Au désert, notre Seigneur multiplia le pain, à Cana il changea l’eau en vin. Il habitua ainsi la bouche de ses disciples à son pain et à son vin, jusqu’au temps où il leur donnerait son corps et son sang. Il leur fit goûter un pain et un vin transitoire, pour attiser en eux le désir de son corps et de son sang vivifiants. Il leur donna libéralement ces menues choses, pour qu’ils sachent que son don suprême serait gratuit. Il les leur donna gratuitement, afin qu’ils sachent qu’on ne leur demanderait pas de payer une chose inestimable, car, s’ils pouvaient payer le prix du pain et du vin, ils ne pourraient payer son corps et son sang.

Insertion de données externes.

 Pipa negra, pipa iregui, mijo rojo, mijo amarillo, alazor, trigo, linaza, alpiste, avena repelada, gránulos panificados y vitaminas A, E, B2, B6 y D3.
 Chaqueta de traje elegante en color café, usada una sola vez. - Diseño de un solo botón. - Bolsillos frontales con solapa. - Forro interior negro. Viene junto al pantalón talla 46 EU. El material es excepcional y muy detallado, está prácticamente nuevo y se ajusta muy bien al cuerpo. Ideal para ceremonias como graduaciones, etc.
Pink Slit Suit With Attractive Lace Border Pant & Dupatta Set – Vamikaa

Non seulement il nous a comblés gratuitement de ses dons, mais encore il nous a cajolés avec tendresse. Car il nous a donné ces menues choses gratuitement pour nous attirer, afin que nous approchions et recevions gratuitement cette chose si grande qu’est l’Eucharistie. Ces menus morceaux de pains et de vin qu’il a donnés étaient doux à la bouche, mais le don de son corps et de son sang est utile à l’esprit. Il a caché de la douceur dans le vin qu’il a fait pour indiquer aux convives quel trésor magnifique est caché dans son sang vivifiant.

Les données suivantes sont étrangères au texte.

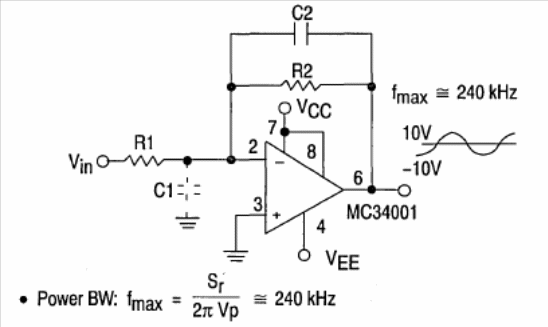 Other operational amplifiers from the same family such as MC34002, MC35001, MC34004 and MC35004 can also be used. The circuit is from Motorola's 1993 Linear Interface ICs. The power supply must be symmetrical.

Comme premier signe, il fit un vin réjouissant pour les convives, afin de manifester que son sang réjouirait toutes les nations. Le vin intervient dans toutes les joies imaginables, et de même toutes les délivrances se rattachent au mystère de son sang. Il donna aux convives un vin excellent qui transforma leur esprit, pour leur faire savoir que la doctrine dont il les abreuverait transformerait leur cœur. Ce qui n’était d’abord que de l’eau fut changé en vin dans les amphores ; c’était le symbole du premier commandement amené à la perfection ; l’eau transformée, c’était la loi perfectionnée. Les convives buvaient ce qui avait été de l’eau, mais sans goûter l’eau. De même lorsque nous entendons les anciens commandements, nous les goûtons dans leur saveur nouvelle. Au précepte gifle pour gifle qui est dans la loi de Moïse, a été substitué la perfection : A celui qui frappe, présente l’autre joue (Matthieu 5,39).

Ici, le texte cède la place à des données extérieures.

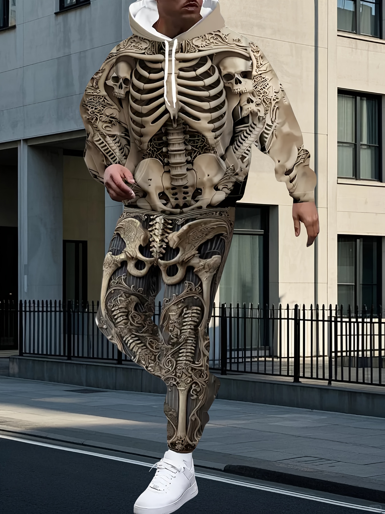 [ Top Selling Item In The Store ] Two Piece Set Is The First Choice for Men’S Autumn Halloween Fashion! Hooded Hoodie Set, Covered with Realistic And Artistic Skull Prints, Unique And Eye-catching, Easily Creating A Cool Holiday Look., Holiday Outfit, Seasonal Clothing, Artistic Design, Trendy Fashion, Soft Material, Durable Construction, Print Sweatsuit

En un clin d’œil, le Seigneur a multiplié un peu de pain et transformé l’eau en vin. Ce que les hommes font et transforment en dix mois de travail, ses dix doigts l’ont fait en un instant. Ses mains furent comme une terre sous son fruit ; le murmure de ses lèvres se répandit sur lui comme la rosée et le souffle de sa bouche comme le soleil ; en un très court instant il a mené à bout ce qui demande normalement une longue période. Le Seigneur a ainsi démontré la vigueur pénétrante de sa parole à ceux qui l’exécutaient, et la rapidité avec laquelle il octroyait ses dons à ceux qui en bénéficiaient.